I found out through the old co-worker grapevine that a company I used to work for is going to be de-listed by NASDAQ because the stock price has been under a dollar per share for quite a while and because the company’s earning statements are routinely significantly corrected when audited. As a result, revised earning statements have to be issued, which differ materially from the originals.
I was wondering what becomes of a stock after it gets de-listed. Does it get picked up by another exchange? Does it revert to being a privately held company, with payoffs being made to shareholders like a buyout? Is the company forced into receivership? What happens?

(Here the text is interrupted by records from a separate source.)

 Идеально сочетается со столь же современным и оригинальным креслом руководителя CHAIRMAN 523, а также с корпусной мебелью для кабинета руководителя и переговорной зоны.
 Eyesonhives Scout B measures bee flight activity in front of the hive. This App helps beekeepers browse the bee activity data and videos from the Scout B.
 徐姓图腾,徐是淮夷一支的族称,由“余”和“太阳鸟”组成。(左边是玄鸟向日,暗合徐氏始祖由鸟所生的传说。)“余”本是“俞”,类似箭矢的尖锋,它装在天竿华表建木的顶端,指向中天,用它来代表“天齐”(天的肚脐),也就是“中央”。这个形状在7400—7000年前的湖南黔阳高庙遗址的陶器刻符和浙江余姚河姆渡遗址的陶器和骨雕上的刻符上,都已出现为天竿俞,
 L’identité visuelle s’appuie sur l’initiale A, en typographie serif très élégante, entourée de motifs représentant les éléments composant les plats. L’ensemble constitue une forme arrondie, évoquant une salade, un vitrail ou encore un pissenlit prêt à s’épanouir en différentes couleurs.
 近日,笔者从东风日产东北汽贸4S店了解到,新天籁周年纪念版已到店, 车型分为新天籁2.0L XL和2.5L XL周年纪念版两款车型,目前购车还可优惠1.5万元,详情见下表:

If there are public shareholders outstanding, and no resolution of assets has been determined by a bankruptcy court, the stock can continue to trade as an over-the-counter stock:
It can also get relisted if the stock stays over $1 or $2,not really sure for a specified period of time,and it’s financial statements are issued in the manner prescribed by the SEC/Nasdaq.
Usually delisted stocks carry an E symbol after their stock symbol,eg,ABC becomes ABCE,and you can get quotes on the regular online qoutation services,except you only get the closing price.If you don’t see a quote for your stock you may be in deep water.

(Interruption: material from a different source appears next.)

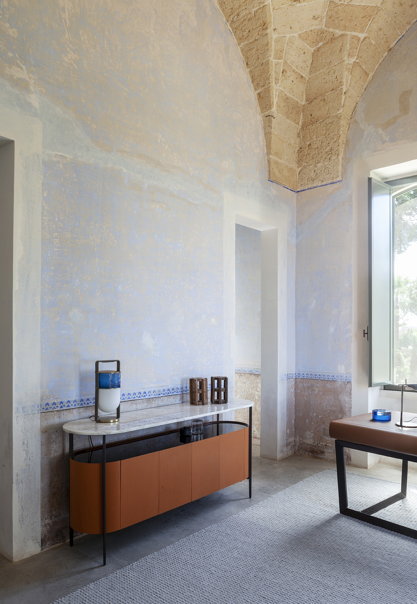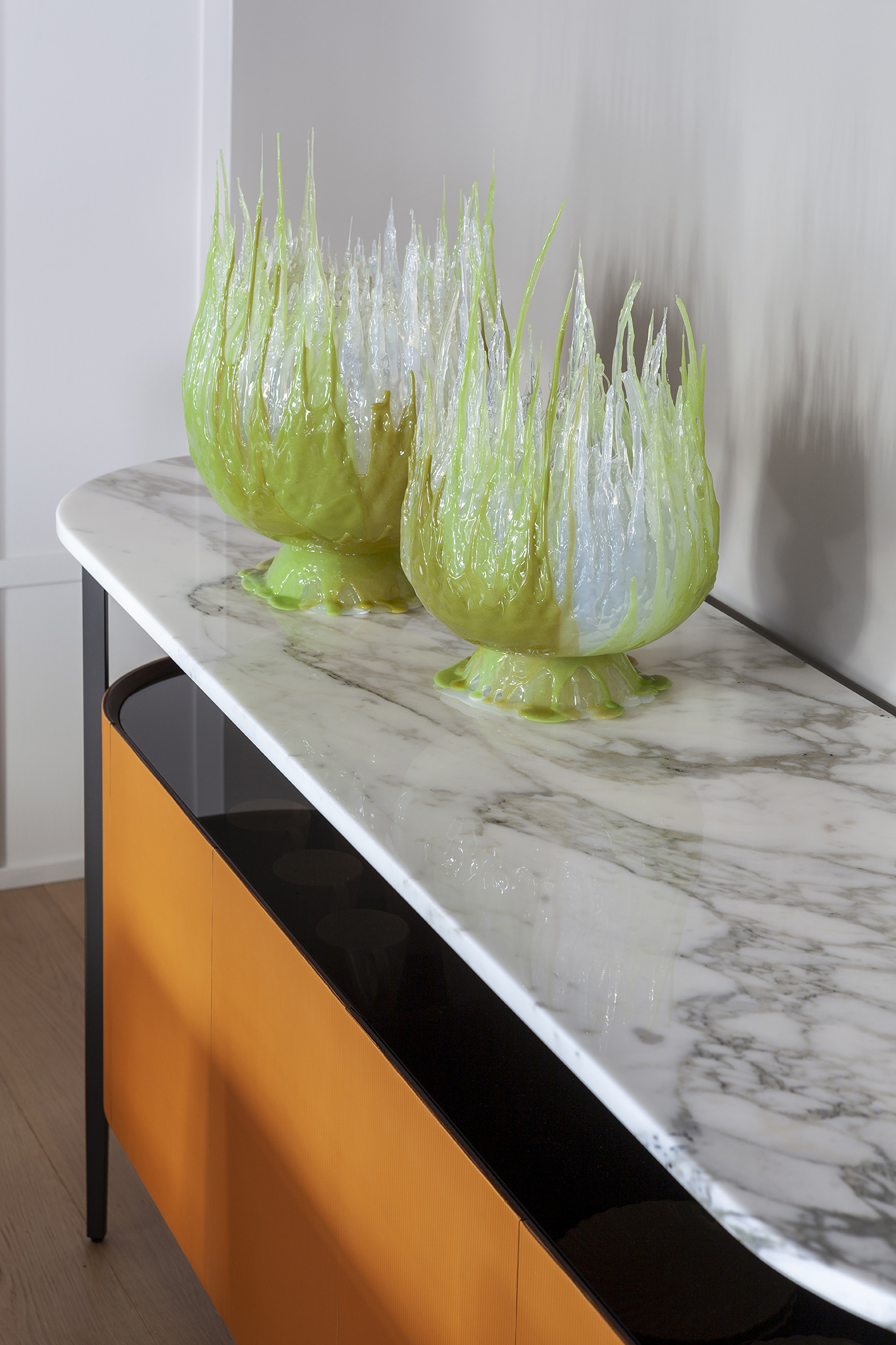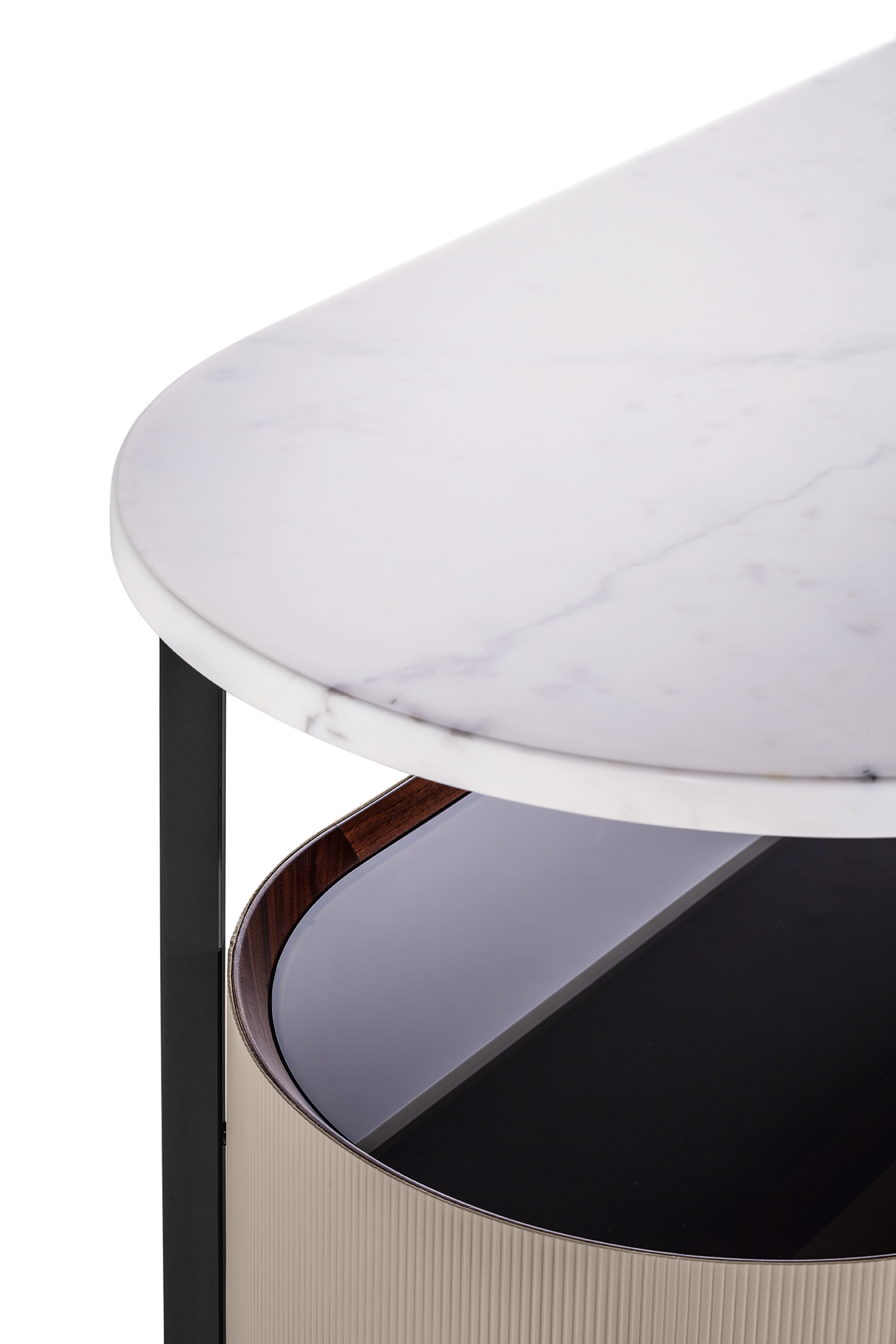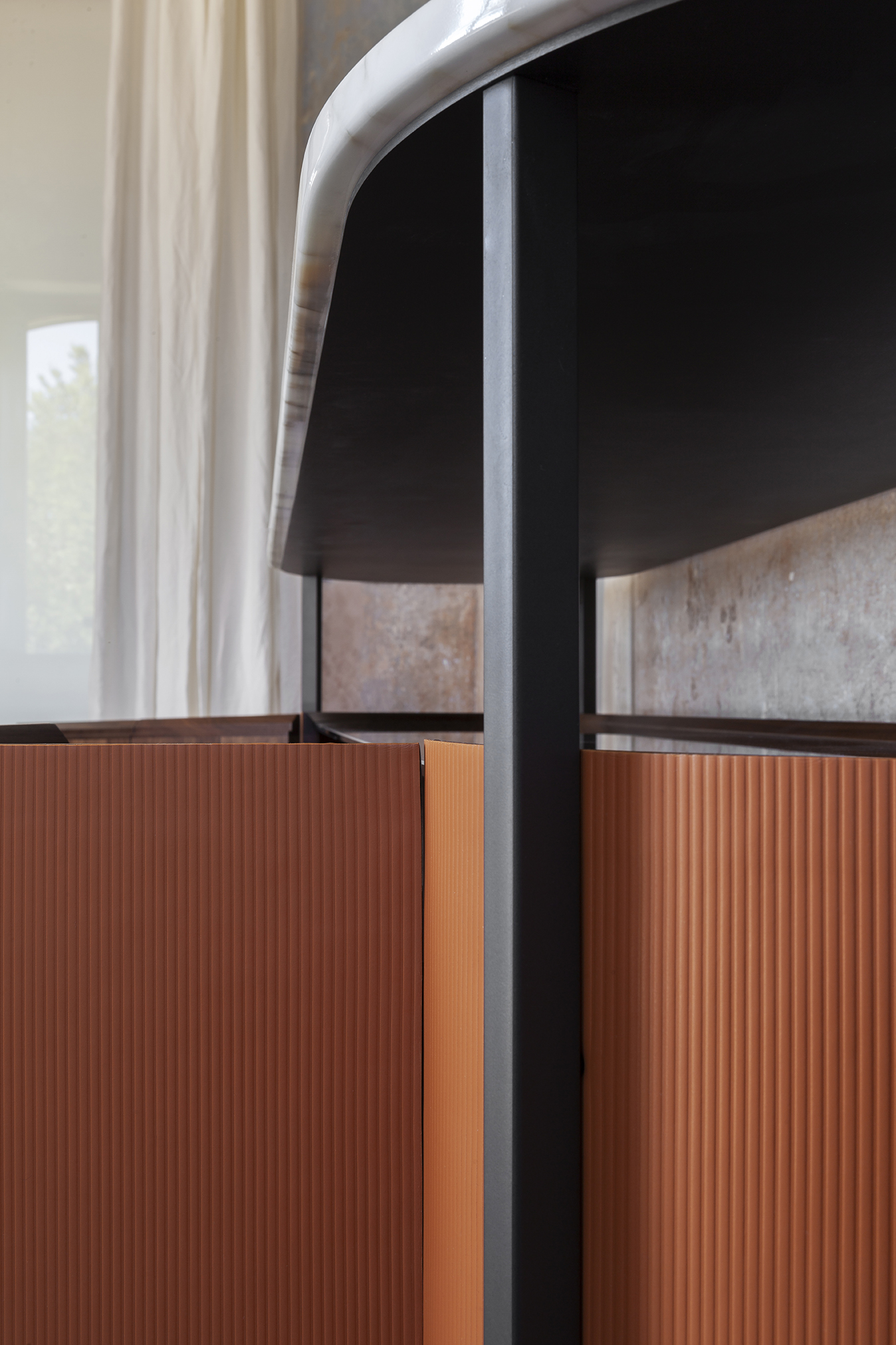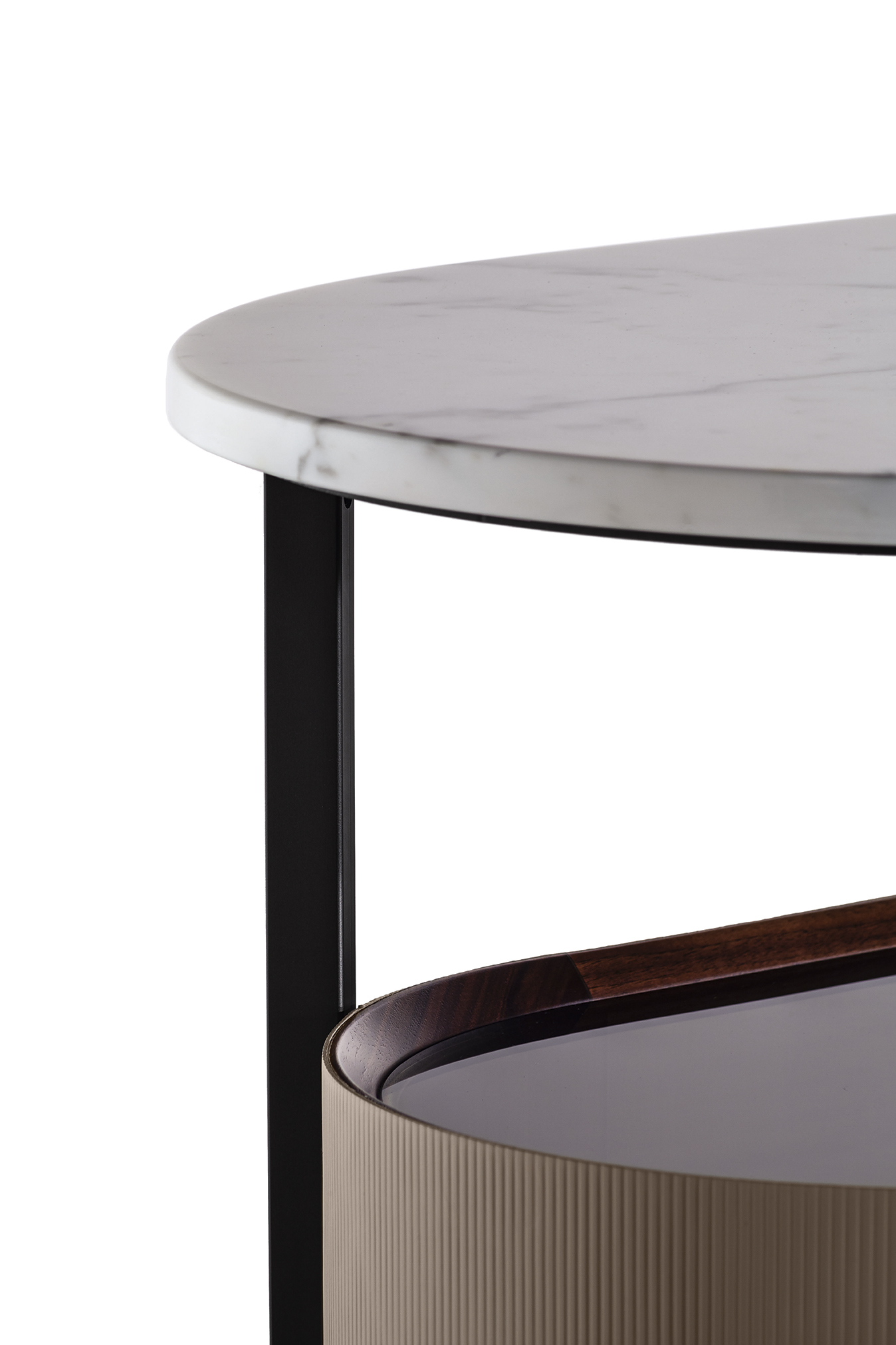 Кожа Saddle extra цвет Polvere, Столешница мрамор Calacatta Semilucido

The site on the link appears to have realtime quotes.
It does not revert to being a privately held company. There shareholders are still the owners. It’s just that the share price has gotten low. Even if the share price has not fallen, the shareholders of a delisted company still own the company. It is just more difficult to buy/sell the shares.
Technically, an over-the-counter stock is one on NASDAQ (or, at least, NASDAQ used to be the old OTC exchange). Ringo is correct about the pink sheets – if a stock isn’t listed on any exchange, the stock is traded using them. As the name indicates, they are (or were) pink sheets of paper listing shares available for stocks not listed on any exchange.
The disadvantage of this is that it’s much harder to buy and sell stock. No one is “making a market” – having a ready supply of shares on hand. Thus you have to be hooked up with a buyer (vice versa if you want to buy) in order to sell your stock. This takes time, and since stocks at this level can be very volatile*, that can be a major problem.
*They are known – listed or not – as “penny stocks” and there are strict regulations about how stockbrokers can sell them. It’s illegal, for instance, for a stockbroker to recommend a penny stock to a client unless the client meet certain criteria (like a history of buying them). The client asking to buy penny stocks for the first time is required to listen to disclaimers up the wazoo.
Being de-listed on the surface doesn’t affect the company directly. But it can have big indirect effects. As well as the difficulties mentioned above, virtually all (or just plain all?) stock funds have rules forbidding them from owning unlisted stocks. So your company, upon being de-listed, suddenly finds institutional buyers and such (which make up the bulk of the stock buyers) dumping your stock and driving it down further. Thanks to the dot-com bubble collapse, there have been amazing reverse stock splits, like 12-1, to try and keep some companies listed. (And which generally haven’t worked.)
Regarding the penny stock issue: it really is considered a much higher risk area because of the impact a quarter point decline can have on your investment. If IBM drops 50 cents you’re still okay. If idiotdot.com drops 50 cents it’s bankrupt. Who wants to worry all the time over a 50 cent change?